Sembuh Dari Covid-19 Wali Kota Ingatkan Warga Patuhi Protokol Kesehatan

Wali Kota Jayapura Benhur Tomi Mano didampingi Ny Christien L Mano saat memberikan keterangan pers setelah sembuh dari Covid-19. (foto: Humas Kota Jayapura)

Oleh: Faisal Narwawan|

PAPUAinside.com, JAYAPURA – Walikota Jayapura Benhur Tomi Mano dinyatakan sembuh dari Covid-19 setelah kurang lebih seminggu menjalani perawatan di RS Provita.

Kepada wartawan BTM mengaku awalnya merasa batuk-batuk pada  malam hari, Selasa 9 Februari 2021.

Bahkan dengan batuk-batuk yang diderita ia mengaku tak bisa tidur hingga pagi, namun karena tak begitu merasa sakit Ia sempat ke kantor untuk melakukan pertemuan dengan KPK.

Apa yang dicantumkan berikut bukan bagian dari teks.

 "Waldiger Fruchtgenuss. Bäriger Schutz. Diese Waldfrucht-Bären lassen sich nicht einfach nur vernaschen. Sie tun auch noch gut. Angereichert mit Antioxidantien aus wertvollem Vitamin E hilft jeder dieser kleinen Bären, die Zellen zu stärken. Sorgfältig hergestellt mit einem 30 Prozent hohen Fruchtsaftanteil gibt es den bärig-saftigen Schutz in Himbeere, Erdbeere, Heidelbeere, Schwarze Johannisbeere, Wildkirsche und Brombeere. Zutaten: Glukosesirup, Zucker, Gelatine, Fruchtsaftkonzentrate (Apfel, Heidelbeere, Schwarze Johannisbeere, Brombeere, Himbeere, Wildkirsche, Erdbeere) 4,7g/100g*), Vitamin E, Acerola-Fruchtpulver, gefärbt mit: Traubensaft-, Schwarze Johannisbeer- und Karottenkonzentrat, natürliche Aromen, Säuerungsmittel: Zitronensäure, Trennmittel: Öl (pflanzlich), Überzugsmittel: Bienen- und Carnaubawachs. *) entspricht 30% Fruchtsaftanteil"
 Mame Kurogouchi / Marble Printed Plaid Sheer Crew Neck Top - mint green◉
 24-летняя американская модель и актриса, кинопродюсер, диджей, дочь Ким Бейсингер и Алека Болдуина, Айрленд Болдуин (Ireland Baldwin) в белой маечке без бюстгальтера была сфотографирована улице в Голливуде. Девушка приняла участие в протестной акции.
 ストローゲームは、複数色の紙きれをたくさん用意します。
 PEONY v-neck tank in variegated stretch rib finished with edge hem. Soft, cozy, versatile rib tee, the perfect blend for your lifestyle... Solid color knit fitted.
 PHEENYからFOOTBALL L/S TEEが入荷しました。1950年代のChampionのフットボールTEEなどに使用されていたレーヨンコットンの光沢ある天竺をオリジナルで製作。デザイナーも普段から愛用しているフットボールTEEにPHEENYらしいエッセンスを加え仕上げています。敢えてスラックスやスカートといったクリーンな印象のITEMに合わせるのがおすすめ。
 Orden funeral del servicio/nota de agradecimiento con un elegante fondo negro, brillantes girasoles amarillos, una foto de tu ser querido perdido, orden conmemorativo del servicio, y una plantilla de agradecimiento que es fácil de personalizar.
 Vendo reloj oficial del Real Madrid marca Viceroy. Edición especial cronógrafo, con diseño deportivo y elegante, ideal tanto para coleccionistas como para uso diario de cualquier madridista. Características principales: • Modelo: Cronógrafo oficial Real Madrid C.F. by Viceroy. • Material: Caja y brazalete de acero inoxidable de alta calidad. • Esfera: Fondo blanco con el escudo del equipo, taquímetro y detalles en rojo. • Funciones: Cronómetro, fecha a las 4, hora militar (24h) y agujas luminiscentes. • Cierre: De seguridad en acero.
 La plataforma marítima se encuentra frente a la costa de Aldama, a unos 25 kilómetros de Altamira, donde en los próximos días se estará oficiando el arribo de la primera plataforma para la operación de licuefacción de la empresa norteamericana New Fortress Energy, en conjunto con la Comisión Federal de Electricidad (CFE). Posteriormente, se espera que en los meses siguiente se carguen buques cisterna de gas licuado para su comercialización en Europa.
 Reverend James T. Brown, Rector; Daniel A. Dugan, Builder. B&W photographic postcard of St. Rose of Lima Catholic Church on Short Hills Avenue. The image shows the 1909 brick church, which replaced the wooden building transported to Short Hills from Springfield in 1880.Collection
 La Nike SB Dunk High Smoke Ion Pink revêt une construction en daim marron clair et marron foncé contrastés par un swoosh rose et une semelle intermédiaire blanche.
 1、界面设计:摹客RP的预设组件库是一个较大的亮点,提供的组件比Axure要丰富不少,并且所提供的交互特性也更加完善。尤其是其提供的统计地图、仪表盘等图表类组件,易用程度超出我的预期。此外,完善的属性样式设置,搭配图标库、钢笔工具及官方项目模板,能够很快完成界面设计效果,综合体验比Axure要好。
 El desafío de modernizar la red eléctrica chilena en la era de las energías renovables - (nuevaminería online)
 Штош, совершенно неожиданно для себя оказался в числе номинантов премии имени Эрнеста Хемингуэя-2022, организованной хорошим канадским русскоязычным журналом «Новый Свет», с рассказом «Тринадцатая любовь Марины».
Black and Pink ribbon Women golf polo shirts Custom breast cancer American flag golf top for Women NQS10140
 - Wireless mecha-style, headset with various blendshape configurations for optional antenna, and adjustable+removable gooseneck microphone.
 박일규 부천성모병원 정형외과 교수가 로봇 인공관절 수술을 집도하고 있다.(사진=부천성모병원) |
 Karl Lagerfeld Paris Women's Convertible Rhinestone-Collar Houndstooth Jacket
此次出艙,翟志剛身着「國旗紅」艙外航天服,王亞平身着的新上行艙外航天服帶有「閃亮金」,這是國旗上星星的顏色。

“Sore hari saya tidak bisa tahan dan meminta Kadis kesehatan untuk melakukan rapid antigen. Baru lima menit hasilnya positif, dua-duanya merah dan akhirnya saya dilarikan ke Provita,” ujar BTM, di RS. Provita, Selasa (16/02/2021).

Orang nomor satu di Kota Jayapura itu menceritakan, dokter di RS. Provita bahkan membentuk tim khusus untuk menanganinya, mengingat ia mempunyai penyakit penyerta.

“Saya adalah orang yang taat terhadap protokol kesehatan. Istirahat yang cukup, berolahraga yang cukup, makan yang sehat, memakai masker dan sarung tangan,” ungkapnya.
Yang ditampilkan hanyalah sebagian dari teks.